NCAA bans horse-collar tackle from college football
INDIANAPOLIS -- The NCAA banned the horse-collar tackle from college football.
Following the lead of the NFL and acting on a proposal made by its Football Rules Committee, the NCAA will assess a penalty this season when a runner is yanked to the ground from the inside collar of his shoulder pads or jersey.
Other changes announced Wednesday include a clarification of rules on chop blocks, or tackling below the knees, and implementation of a 40-second play clock that will start as soon as the ball is ruled dead. Previously, a 25-second clock began only on the referee's signal.
The NCAA also will emphasize consistency in officiating, including blending crews from different conferences.
Rogers Redding, NCAA football secretary-rules editor and coordinator of football officials for the Southeastern Conference, said the horse-collar ban may result in fewer back injuries.
"What we're hearing from trainers and physicians is we're getting some back injuries when the ball carrier is immediately snapped to the ground by being jerked quickly," he said. "If the ball carrier is grabbed by the shoulder or jersey and just ridden to the ground over a couple of yards, that's not going to be a foul."
The chop block will now be defined as any high-low combination block by any two players against an opponent other than the runner, anywhere on the field, anytime in the game and with or without a delay between the hits, Redding said.
Football officials support the change, said Dave Parry, head of College Football Officiating and coordinator of officiating for the Big Ten.

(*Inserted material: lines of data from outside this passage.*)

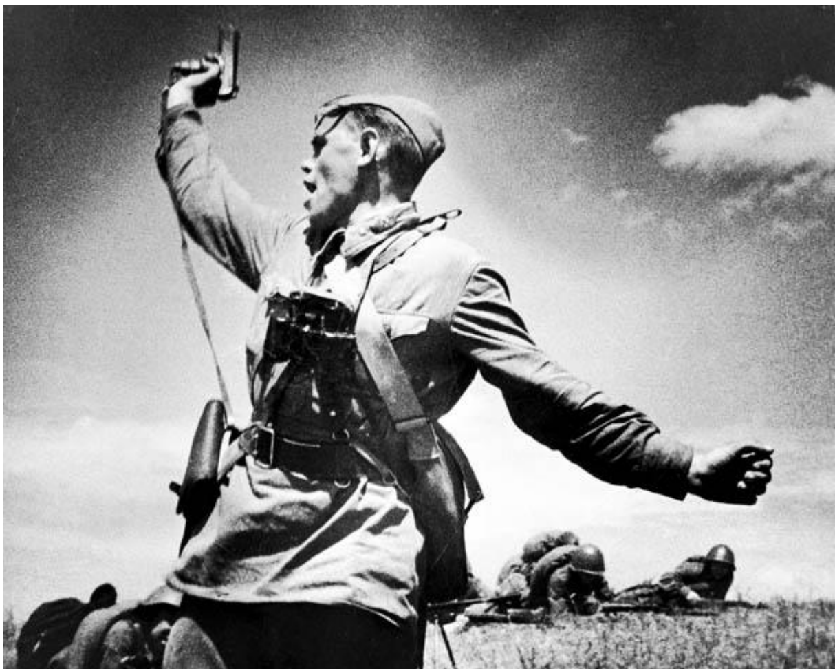
■ Фотография «За Родину!». Оборонительные бои в Донбассе

В годы Великой Отечественной войны Донбасс стал одним из важнейших регионов Советского Союза, в котором ковалась победа над фашизмом. Из рабочих Донбасса формировались боеспособные подразделения. В первые недели войны в Сталинской области было призвано в ряды Красной армии 236 тыс. человек. Ускоренными темпами были полностью сформированы 383-я, 393-я и 395-я стрелковые дивизии. В их состав призывались шахтеры, в комплектовании и оснащении принимали участие все местные органы власти, трудовые коллективы угольных предприятий, семьи горняков. Поэтому за дивизиями закрепилось название «шахтерские», хотя в официальных формулярах частей оно не значится. Шахтерские стрелковые дивизии приняли участие в обороне Донбасса и прошли достойный боевой путь, внося свой вклад в победу над захватчиками.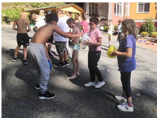
Adaptační kurz 6. tříd...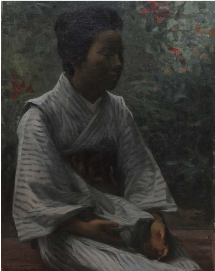
少女 油彩 1906 (明治39)年

本展示では、総社市と総社市文化振興財団が所蔵している作品約40点を展示。その大半は、2回目の渡欧から帰国した後、画風に苦悩し、それを乗り越えようと努力した時期にあたるものです。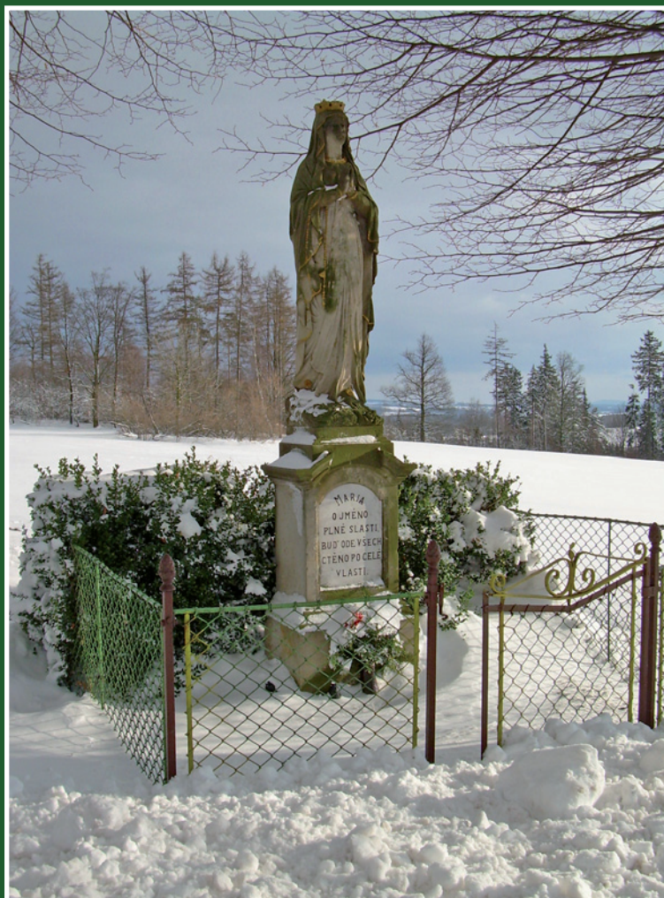
Socha Panny Marie u cesty na Přibyslav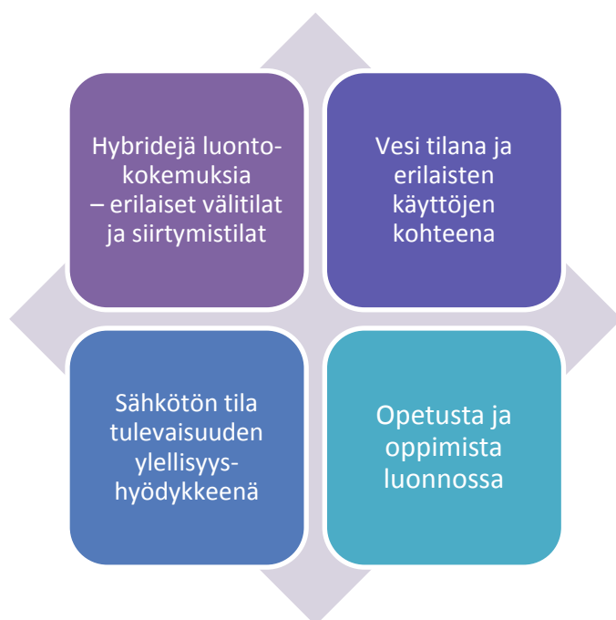
Kuva 3. Esimerkkejä liiketoimintamahdollisuuksien osa-alueista.

Teknologian avulla tuotetaan hybridejä luontokokemuksia ja muokataan erilaisiin siirtymä- ja välitiloihin luontoistettuja paikkoja. Suomalainen luonto tarjoaa mahdollisuuksia tuottaa uusille käyttäjäryhmille, kuten sähkömagneettista säteilyä välttäville, uudentyyppisiä palveluja. Veden hyvinvointivaikutuksia hyödyntävien palvelujen kysyntä on kasvanut merkittävästi ja se tuo mukanaan myös turisteja. Luontoon liittyvä oppiminen kiinnostaa niin aikuisia kuin lapsia.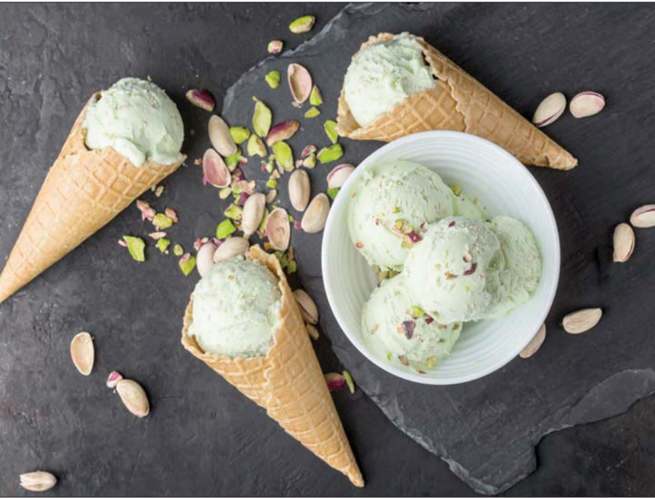
نكهة الفستق لأصحاب الذوق الرفيع

الفستق «مفتاح مذاق (آيس كريم الفستق) الجيد هو التأكد من أنه يمنحك مذاقاً مختلفاً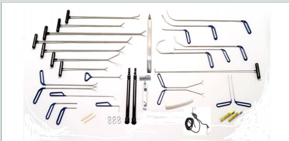
Master-Satz (26 Werkzeuge + Zubehör)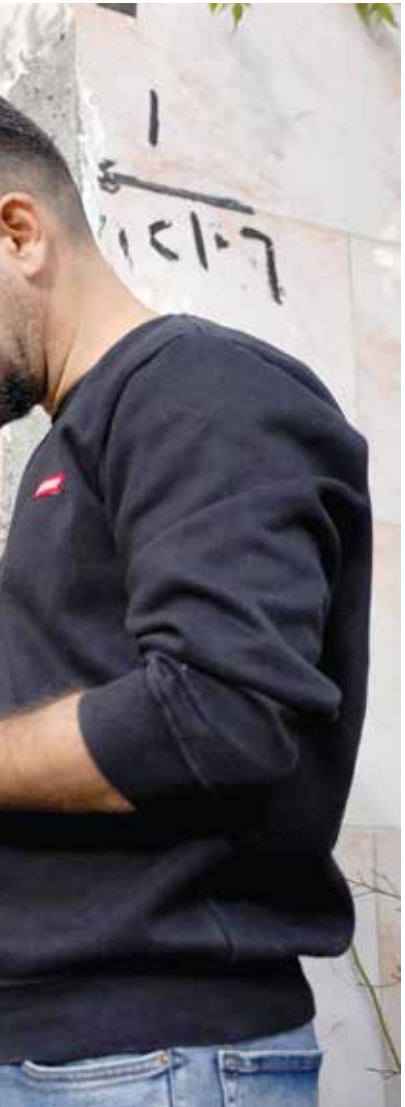
منة عملية التعداد في السليمانية أمس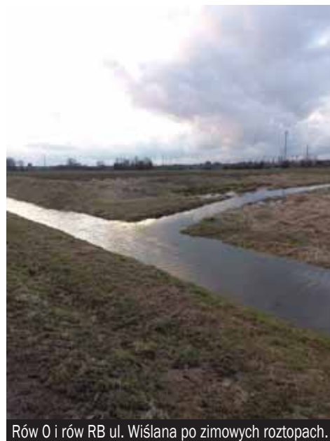
Rów 0 i rów RB ul. Wiślana po zimowych roztopach.

Brak natychmiastowej reakcji skutkuje nadmiernym nawodnieniem - zachwianiem stosunków wodnych w terenie.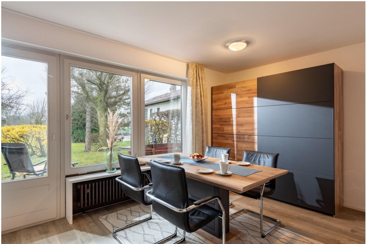
Wohn- und Esszimmer 1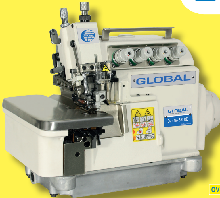
OV 416-550 DD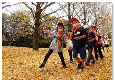
その8 季節を満喫していました。深まりゆく秋の季節を、五感を通して、全身で感じていました。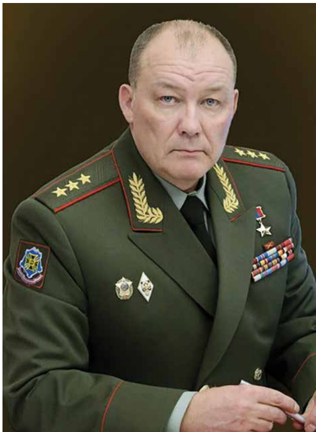
גנרל אלכסנדר דבורניקוב. הלחימה אפשרה לצבא הרוסי לבחון כיצד תהליך החשיפה-תקיפה פועל במצבים שונים מאלה שבהם הורגל, ובמיוחד בלחימה בלתי סדורה

הפעלת האש הרוסית בסוריה משקפת את תחילת השינוי שחל בהפעלתה וביישומה באמצעות שילוב בין נכסי אש ובין כוחות תקיפה יבשתיים. שינוי זה 13 חיזק את החיבור בין המסתייע ובין המסייע, ואפשר להקצות קנים רבים יותר בסיוע ישיר לדרגים זוטרים, ובכך להגמיש את ההפעלה ולזרז את תגובת האש לכל מטרה. כך, למשל, במקום ריכוז כל האש המסייעת ברמת החטיבה 14 והאוגדה, כפי שהיה נהוג בעבר, החלו להקצות לכל גדוד תוקף שלוש סוללות בפיקוד ישיר של מפקד הגדוד - וכך, למעשה, זכה כל גדוד מתמרן לסיוע שווה ערך של גדוד אש. זאת נוסף על הקצאת שניים או שלושה גדודי אש לדרג החטיבה.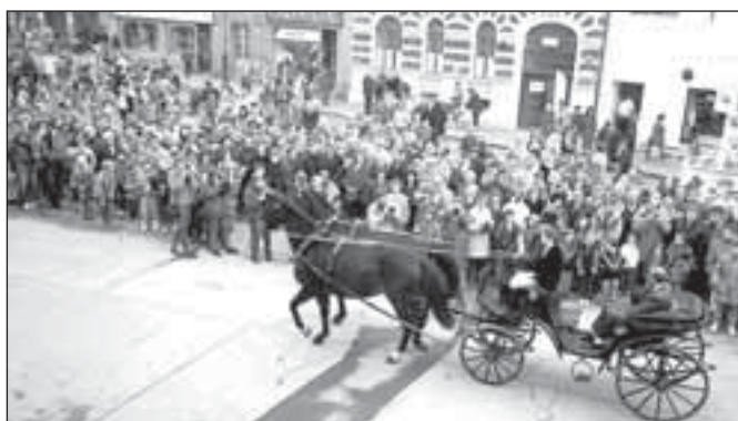
Otevření radnice r. 1994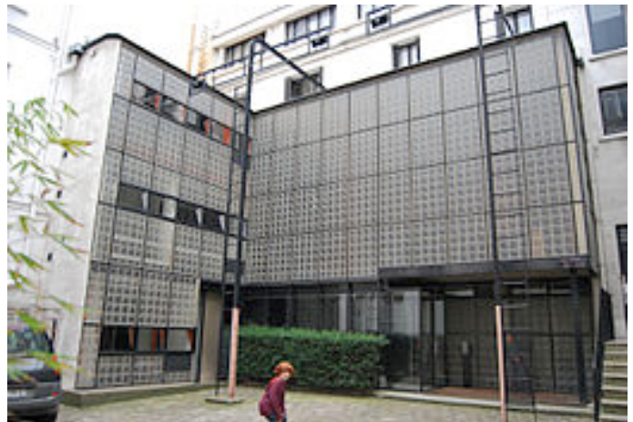
Pierre Charreau, Maison de verre, Paris 1928-31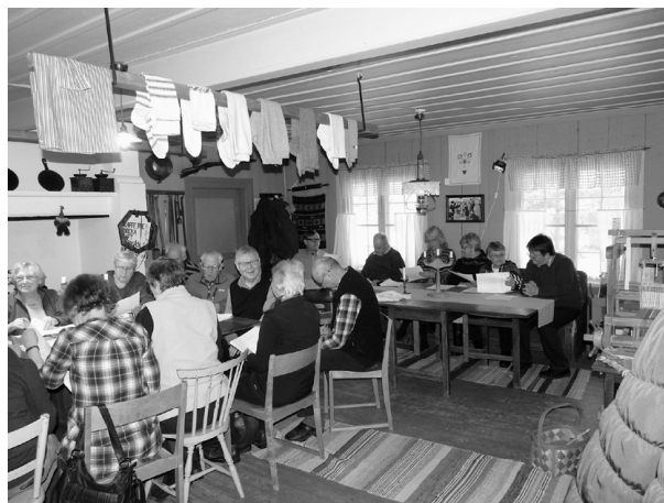
Günnerskinger bevarar dialektord för att kommande generationer ska kunna läsa och förstå riktigt fölkmål.

Första träffen var före jul med återträff i slutet av januari. Fortsättningsvis träffas gruppen varannan lördag framöver. Förhoppningsvis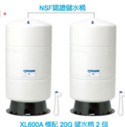
XL600A 標配 20G 儲水桶 2 個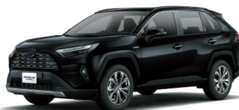
* 尊爵黑 218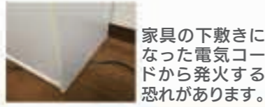
家具の下敷きになった電気コードから発火する恐れがあります。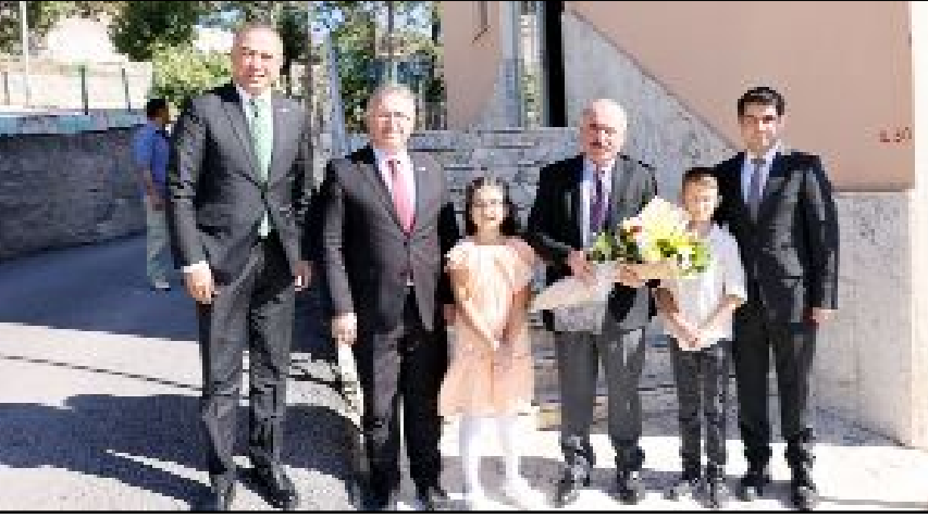
Vali Ali Çalgan, Oğuzlar ilçesinde bir dizi ziyaret ve temaslarda bulundu.

Çorum Valisi Ali Çalgan, ilk ilçe ziyaretini ceviz diyarı olarak bilinen Oğuzlar'a yaptı.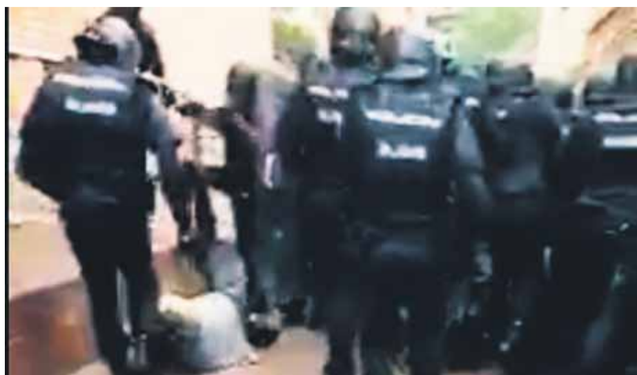
Agents de la policia espanyola donen cops i puntades de peu a un veí de Nou Barris -fins i tot quan cau a terra- que volia votar l'1-O a l'escola Àgora ■

L'inspector en cap i responsable d'actuar en set locals va detallar al titular del jutjat d'instrucció 7 de Barcelona que els van donar la llista dies abans i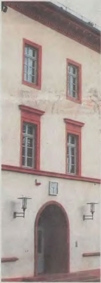
Hans-Memling-Schule: Ganz normaler Wahnsinn.

Am Sitzungs-Montag fanden die inzwischen hinlänglich bekannten Aufführungen des ganz normalen HMS-Wahnsinns vor spärlichem Zuschauerinteresse ihre Fortsetzung. So lehnte die Koalitionsmehrheit aus SPD, FDP und FWS einen Grünen-An-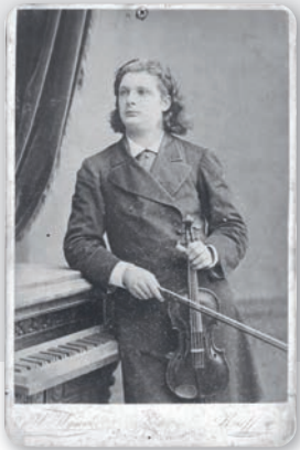
Eugène Ysaÿe à Kiev, 1883. Bibliothèque royale de Belgique, Mus. Ms. 161/135.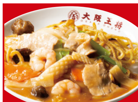
五目あんかけ焼きそば 820円(税込)

"We'll err on the side of safety. We'll defend the official who may be a little more strict, because that's a major point of emphasis," Parry said.
A video on avoiding helmet-to-helmet contact has been developed by the NCAA Committee on Competitive Safeguards and Medical Aspects of Sports.
"This is a short DVD that focuses on proper injury-prevention tackling techniques," said Ron Courson, a member of the committee and director of sports medicine at the University of Georgia. "It's been distributed to every college in the nation, and we encourage every football program to show this to the student-athletes."
The NCAA also modified the procedure for restarting the game clock after a runner has gone out of bounds. Except during the final two minutes of each half, the game clock will be restarted on the referee's signal, rather than when the ball is snapped.